As the Documentation says
It converts an incoming float (+-1) to a
short, scales it (to 32000; slightly below the maximum value),
interpolates it, and then vocodes it.
The resampler is really just used to parameterize the interpolation
above.
So I assume you want to achieve a certain fixed bitrate R,
and though you don't mention it, I assume fa ist the audio
sampling rate.
Now, the question is what the proper interpolation is; well, you
would need to know the bitrate ratio of your vocoder. Haven't read
the "CVSD (raw bits)" encoder's documentation too closely, but if I
remember correctly, CVSD is dead simple: you just convert your
signal values to the difference to the previous sample, and quantize
that to 1bit (which is the sign and nothing more).

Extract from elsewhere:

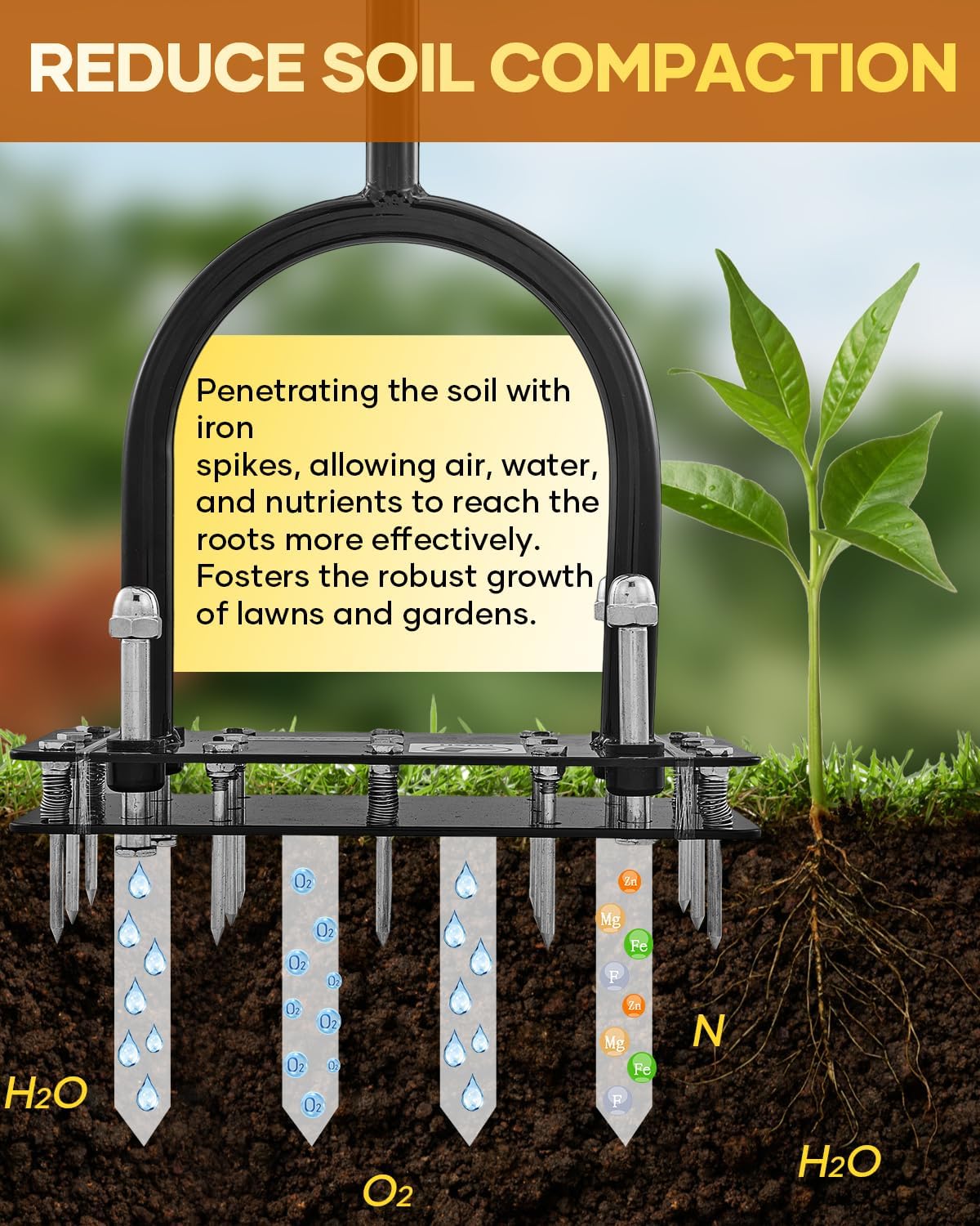 - 【Durable and Sturdy】Garden Tool for Lawn Aeration is made of heavy-duty iron, coated with anti rust powder on the surface, and equipped with a sturdy foot plate that can withstand your entire weight, providing maximum downward force and easily penetrating the soil, ensuring safety and reliability.

Because that obviously strongly distorts that signal a lot, you
first interpolate to a higher rate. Of that higher rate, 8 samples
are converted to 8 bits of sign info, and that is one byte of
output.
So, the higher the interpolation, the more bits you make out of your
input sample. In fact, of the 16 bit input information per input
sample, you make 1bit * interpolation output info. So any
interpolation greater than 16 is senseless; you could as well send
the original signal.
For your target bit rate of 1000 kb/s, and your 44.1kHz input
sampling rate I wouldn't even bother with vocoding:
Let's round this to 1 Mb/s, and divide that by the 44.1kHz input
sampling rate: you have 22.7 bit of channel bit rate to spend per
input sample. Assuming your audio file is 16bit quantized, you can
simply take the input, and still have more than 7 bits per sample to
spend -- for example, on channel coding. If you really had a voice
signal, you could virtually losslessly decimate to 8kHz (or
44.1kHz/5=8.82kHz for the sake of integer decimation). That would
lead to 125 (or 113) bit on the air per input sample. Really, no
need for vocoding; if you still applied an e.g. interpolation=8
vocoder, you'd get that up to 250 bit (226 bit) per input sample.
That's enough for a rate-1/15 channel coder; I don't think this is
what anyone would aim for.
I think you should more carefully sit down and design your system's
requirements; get a proper test signal for a vocoder, and orientate
on existing vocoder parametrizations.